## What you should do
Exactly as written, reproduce the lines from the beginning of the data through the line containing "Chocolate Royal, also"; the pictures are not reproduced.

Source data
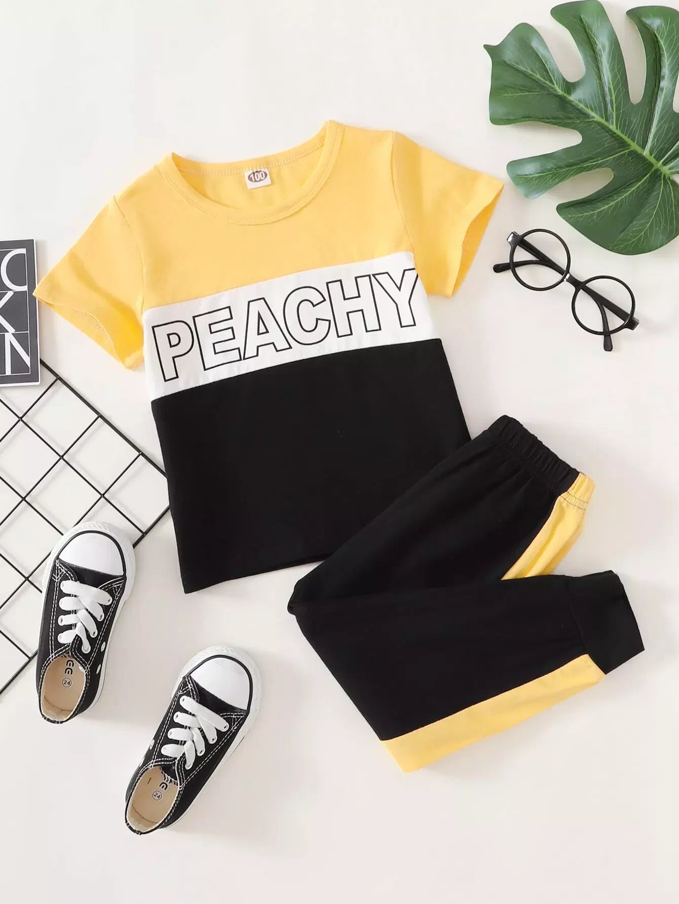 Toddler Boys Colorblock Letter Graphic Tee & Sweatpants
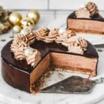 Chocolate Royal, also known as Trianon, is a sophisticated French dessert featuring a tender dacquoise, a crispy praline layer, a silky dark chocolate mousse, and a glossy mirror glaze. (For a 20 cm pan, serves 8-10)
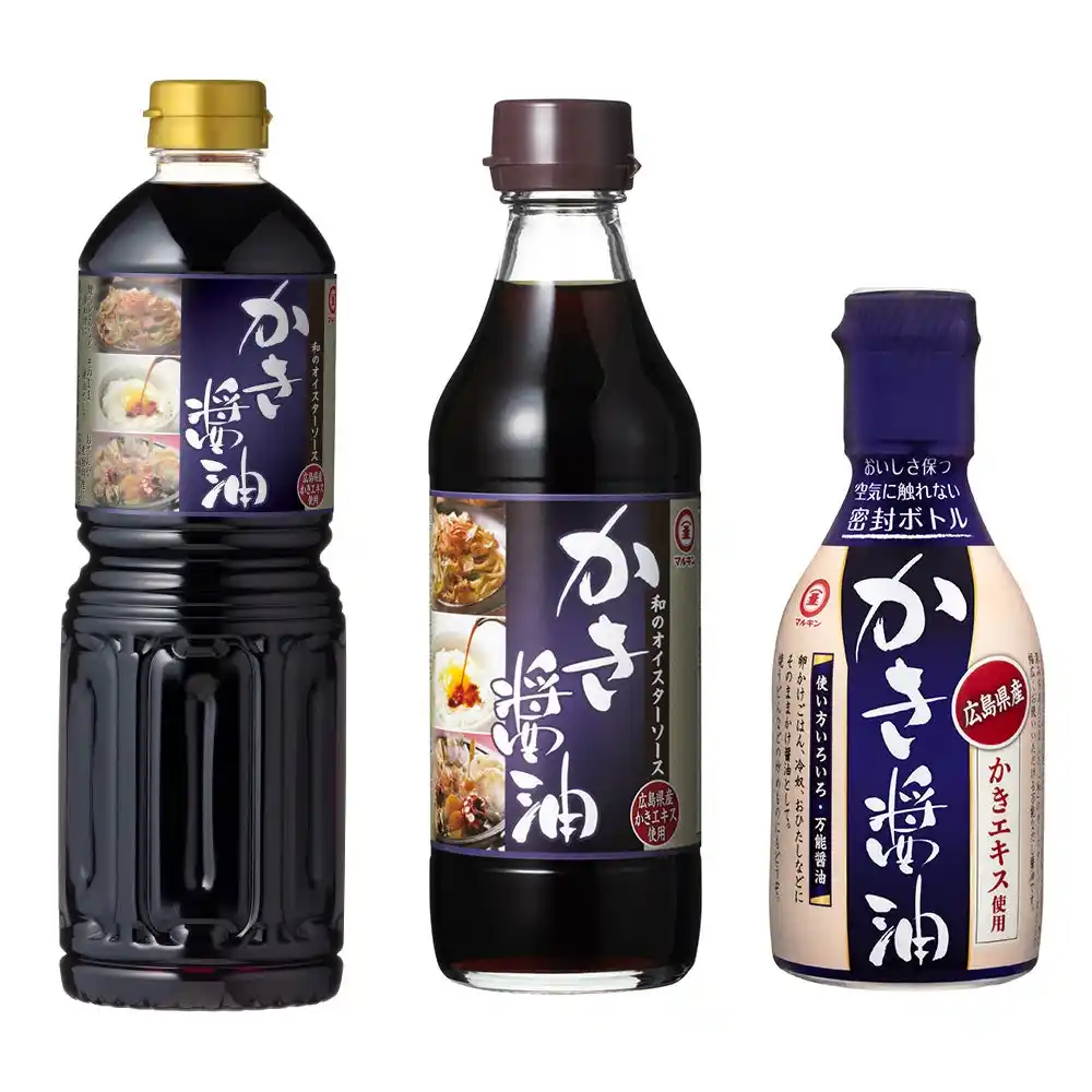 姉妹品として販売中の「マルキン かき醤油」は、広島県産のかきの旨みにかつおの風味と魚醤を加え、味に深みを持たせた万能だし醤油です。 お客様から販売店に関するお問い合わせを多くいただく、当社の人気商品でもあります。 和風のオイスターソースとしても活用できるこの商品を、ぜひ一度お試しください。 |
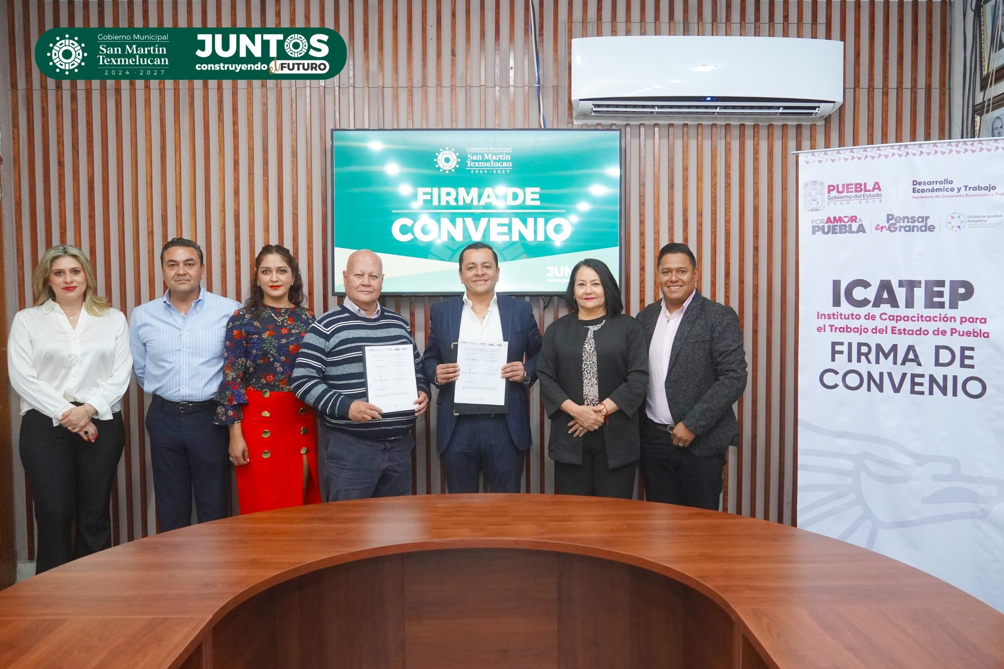 Con el objetivo de impulsar el desarrollo económico y ampliar las oportunidades de empleo para la ciudadanía, el presidente municipal de San Martín Texmelucan, Juan Manuel Alonso, firmó un convenio de colaboración con el Instituto de Capacitación para el Trabajo del Estado de Puebla (ICATEP), Unidad San Martín. Este acuerdo permitirá acercar cursos, talleres y herramientas de formación a la población texmeluquense, fortaleciendo sus habilidades laborales y aumentando su competitividad en el mercado de trabajo.
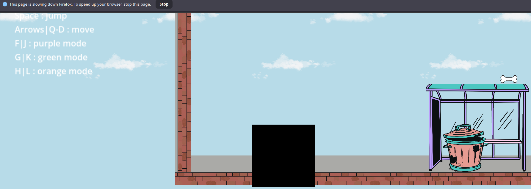A black square appears there when the character moves. The third level is frozen. You put everything on one scene, right?
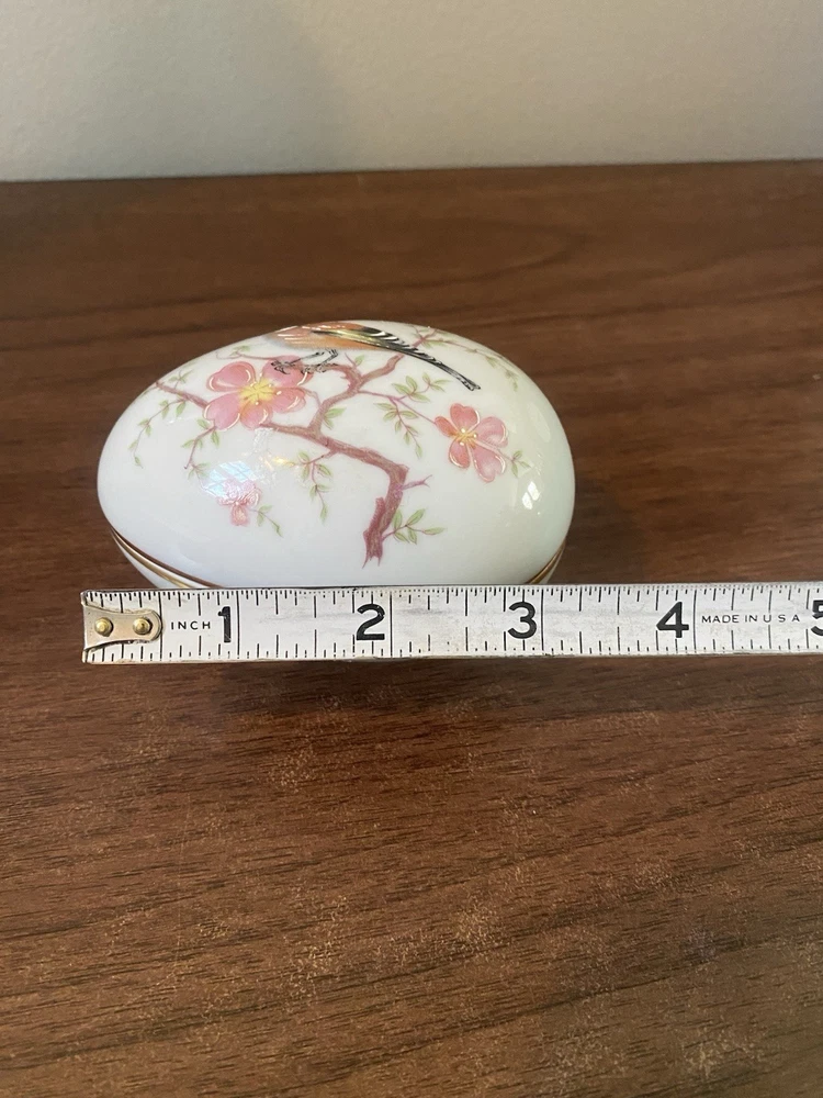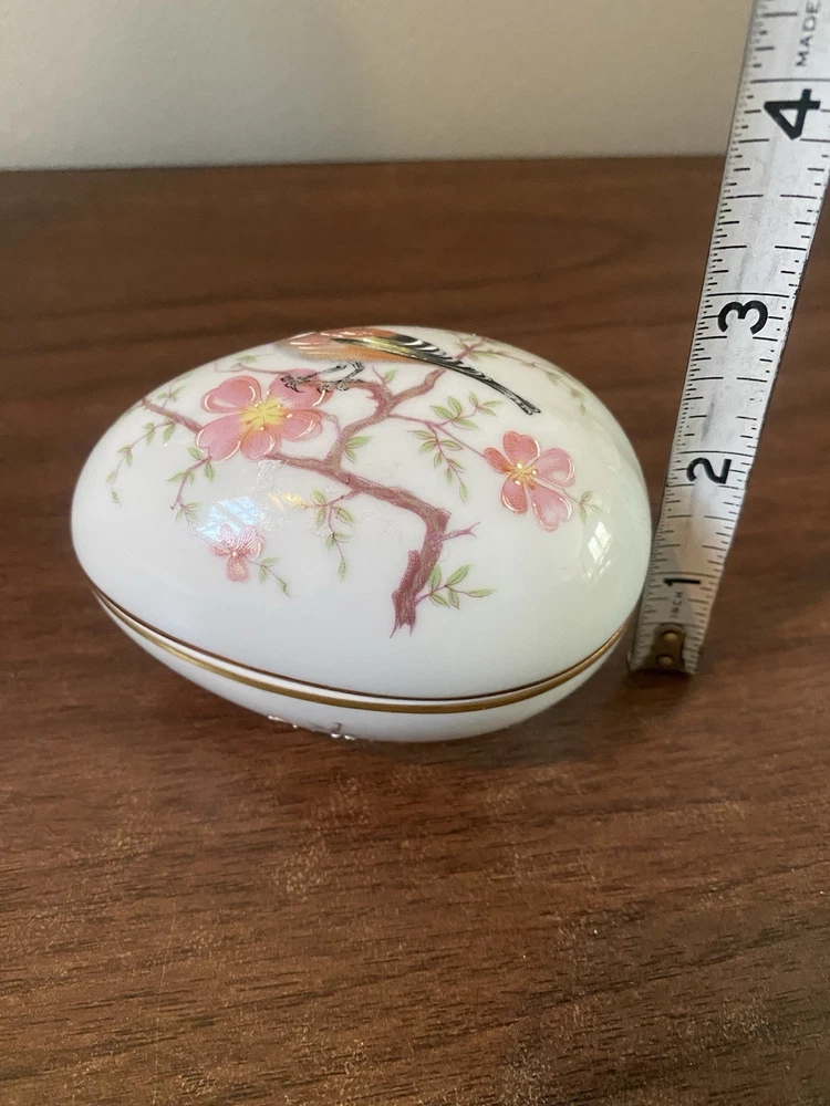 Collection: Keepsake Boxes Subject: Egg Seller Notes: “no chips or cracks” Original/Reproduction: Original Type: Trinket Box Color: Multicolor Pattern: Floral Finish: Painted Brand: Bird
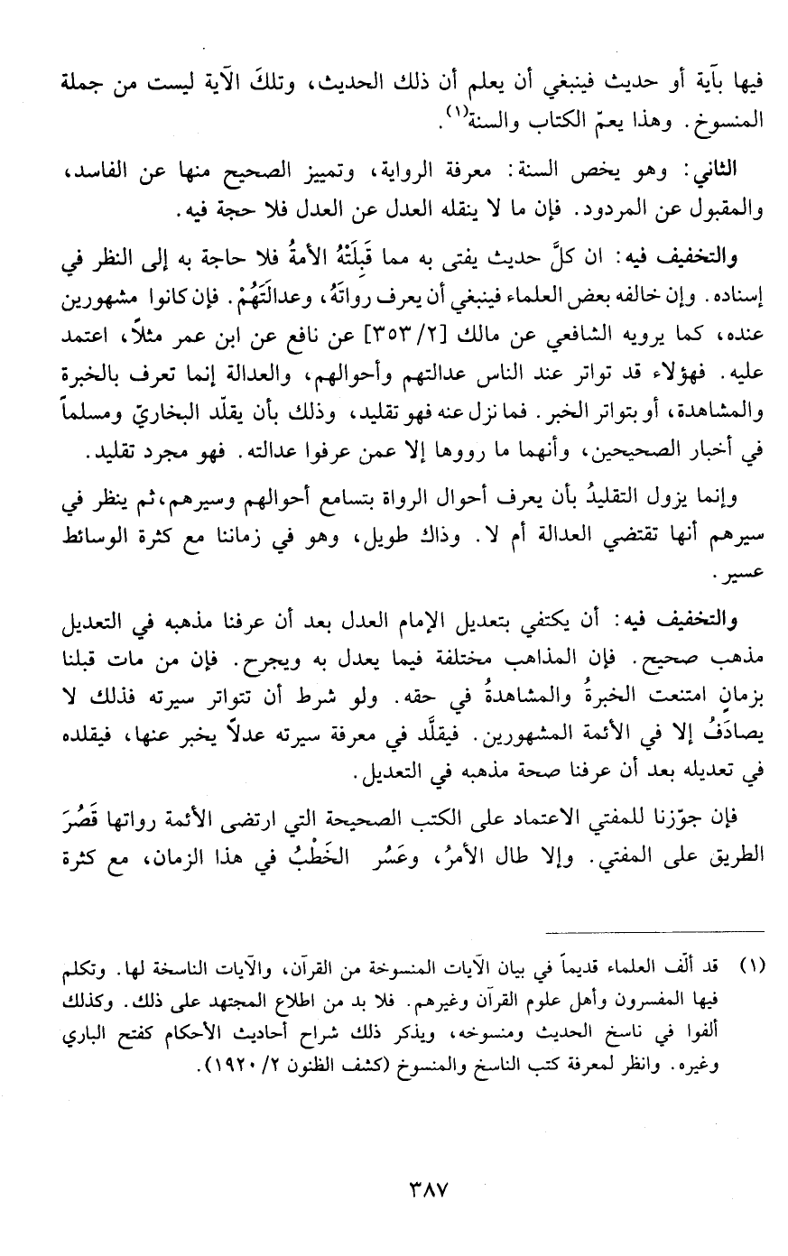 والتخفيف فيه: أن كل حديث يفتى به مما قبلته الأمة فلا حاجة به إلى النظر في إسناده وإن خالفه بعض العلماء فينبغي أن يعرف رواته وعدالتهم فإن كانوا مشهورين عنده كما يرويه الشافعي عن مالك عن نافع عن ابن عمر مثلا اعتمد عليه فهؤلاء قد تواتر عند الناس عدالتهم وأحوالهم والعدالة إنما تعرف بالخبرة والمشاهدة أو بتواتر الخبر فمانزل عنه فهو تقليد وذلك بأن يقلد البخاري ومسلما في أخبار الصحيحين وإنهما ما رووها إلا عمن عرفوا عدالته فهذا مجرد تقليد

## Solution for this task
 Toddler Boys Colorblock Letter Graphic Tee & Sweatpants
 Chocolate Royal, also known as Trianon, is a sophisticated French dessert featuring a tender dacquoise, a crispy praline layer, a silky dark chocolate mousse, and a glossy mirror glaze. (For a 20 cm pan, serves 8-10)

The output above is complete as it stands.